My grandmother’s first name was Ludwig. Small world eh?
Wait, your grandMOTHER was named Ludwig?!? That’s pretty incredible… not a small world so much as an awesome one! 🙂
She was a remarkable woman. Sadly, her entire regiment was wiped out during the seige of Sevastopol and all we have left of her are her medals and her gallstones.
Sorry to hear that. Still, sounds like she was a remarkable lady and it’s good you have something to remember her by.
Arto, my friend, you have a knack for finding out about old people with incredibly awesome names. It’s an extraordinary gift!
Yes, and then the challenge becomes trying to say something about them without much knowledge on their life. Thank heavens for mustaches.
I just want to say that I believe this Ludwig Binswanger person really existed and was so named and that I have full faith and confidence in BoFN associates to report honestly and accurately on this and all other funny named individuals whose biographical facts appear herein either in past published posts or at any future date so help me GOD!
This is in penance for my regrettable Urban Shocker outbursts.

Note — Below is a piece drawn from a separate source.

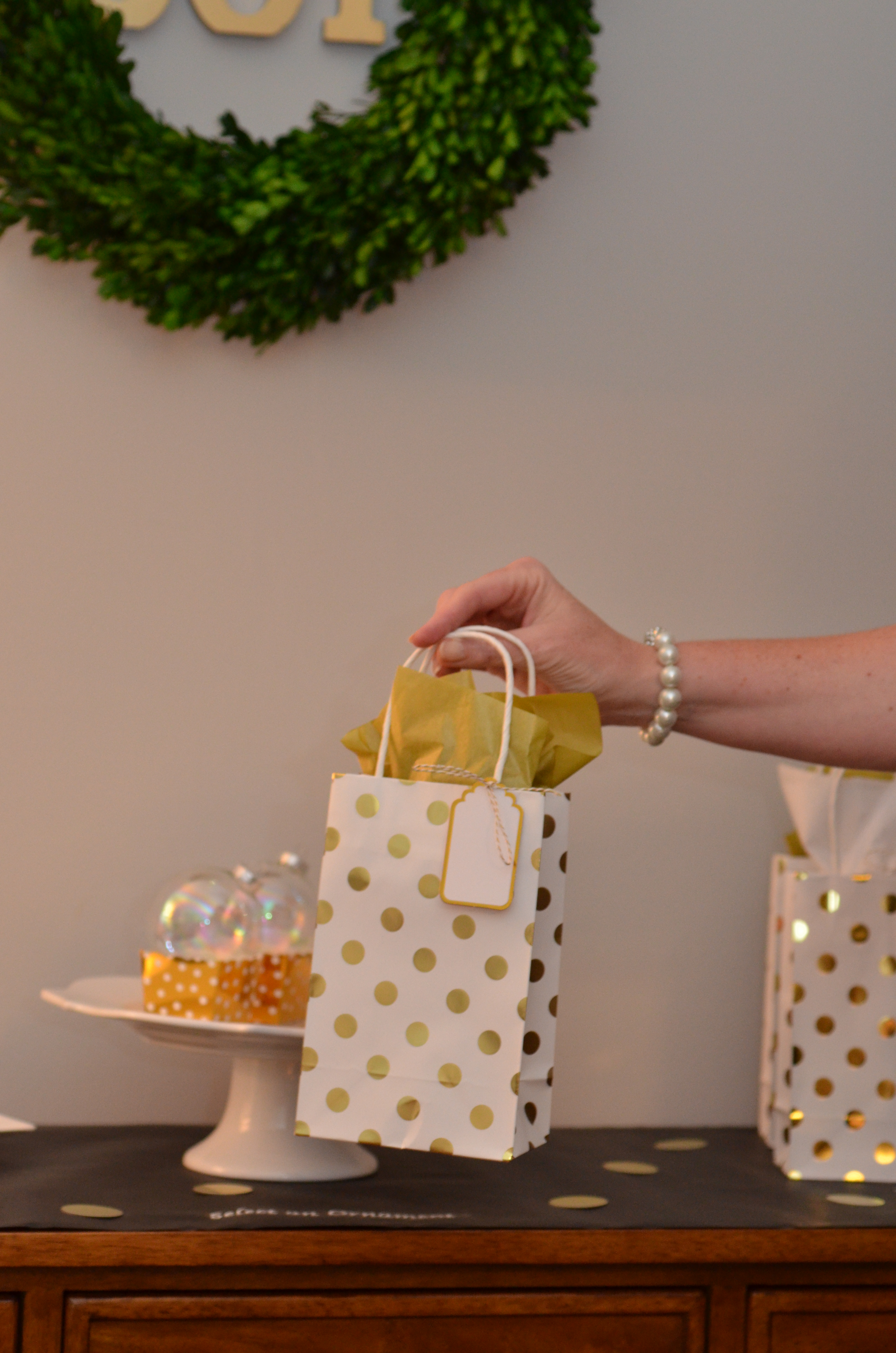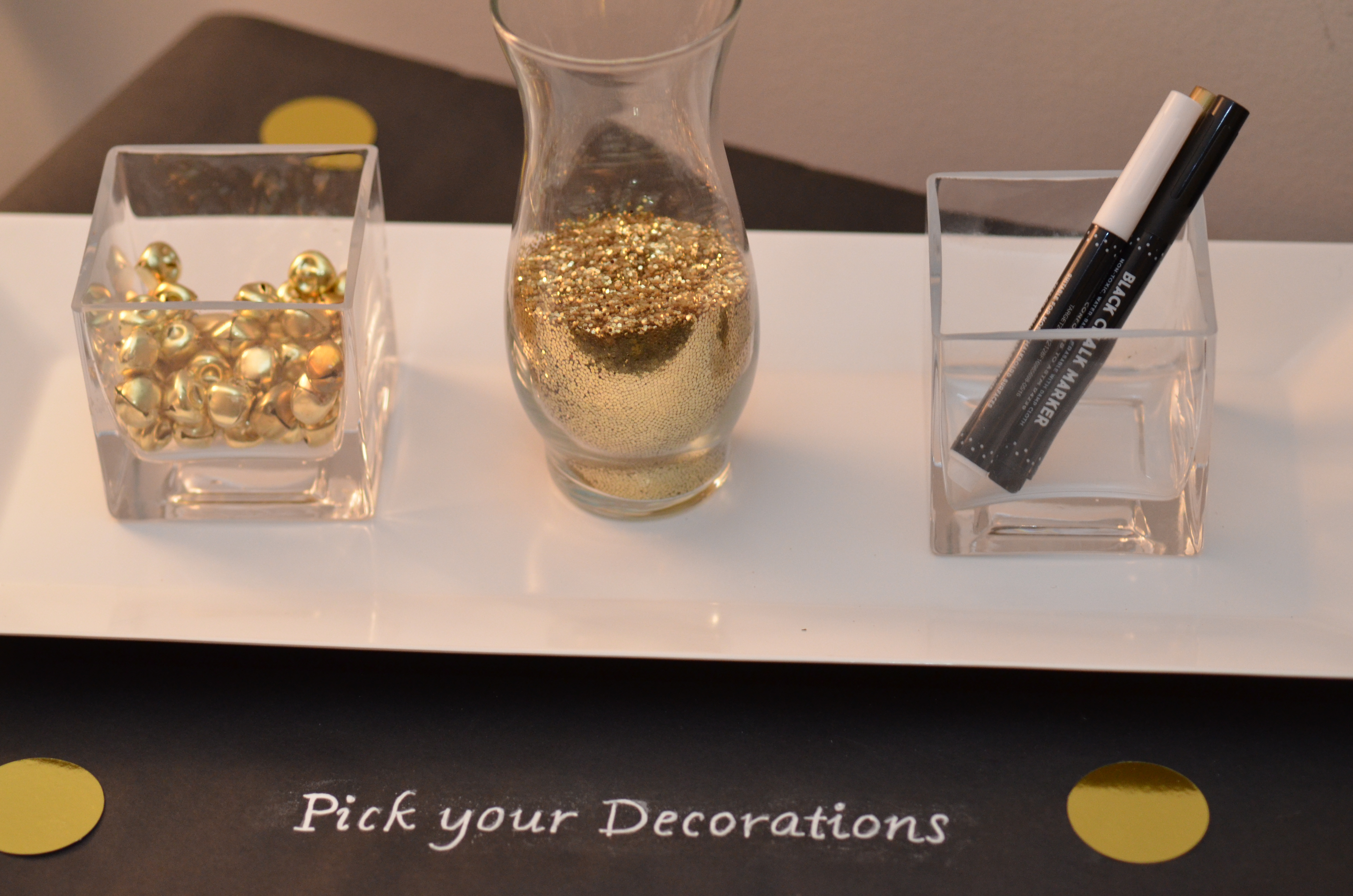 – Chalkboard runner with supplies for our ornament craft all the way to wrapping them.

what changed for you, diddy? glad you’re now a believer.
It’s a process, Liz.
Not unlike the stages of grief.
Denial: “Urban Shocker? You have GOT to be kidding.”
Anger: “You have got SOME NERVE trying to pass that off as a real name, buddy!”
Bargaining: “OK, how about Pope Urban? I’ll believe Pope Urban I, or II, or III, or whatever. But come one, Urban Shocker? Let’s just try to be reasonable, here.”
Depression: “So . . . that’s it I guess. People can be named anything at all, it seems. And it doesn’t mean a danged thing. Everything’s just crazy. Doesn’t make any sense. What’s the point? Why even bother?”
Acceptance: “Shocker, Schmoker, OK, fine. Just do whatever you want. Have fun. Whatever. I’m good.”
alrighty then..the five stages of funny-name acceptance. Very very well done. I’m mixing cocktails back at foodforfun (that’s my plan for tonight anyway), so be sure to come by. Sounds like you might need a drink.
Yay! Mentions of Woody Allen in all his neurotic glory make my morning. And a picture of him boxing a kangaroo? Makes my whole Monday. Thank you Arto 🙂
Yay! Woody is the best. Here, to further cheer up your Monday, is Woody playing Cello in a marching band : http://www.youtube.com/watch?v=4smgVpcFMp8
Yay! Woody and his dining room chairs is the best: http://youtu.be/PDBHM9LCPEw (I can do this all day, man).
Anyone else see a slight resemblance between Mr. Binswanger and his follower Mr. Allen? They both have that pensive look and eyeglass thing going on. Awesome name.
Hmmm. What would Woody Allen look like with a mustache? He could definitely get away with playing a kooky psychiatrist. Especially one named Binswanger.
Hahah! I’m a psychology student and having read this I doubt I’ll ever forget any of my information for tests again! 😀
Glad to hear it! We’re here to educate!
Just re-read this post. A BoFN classic!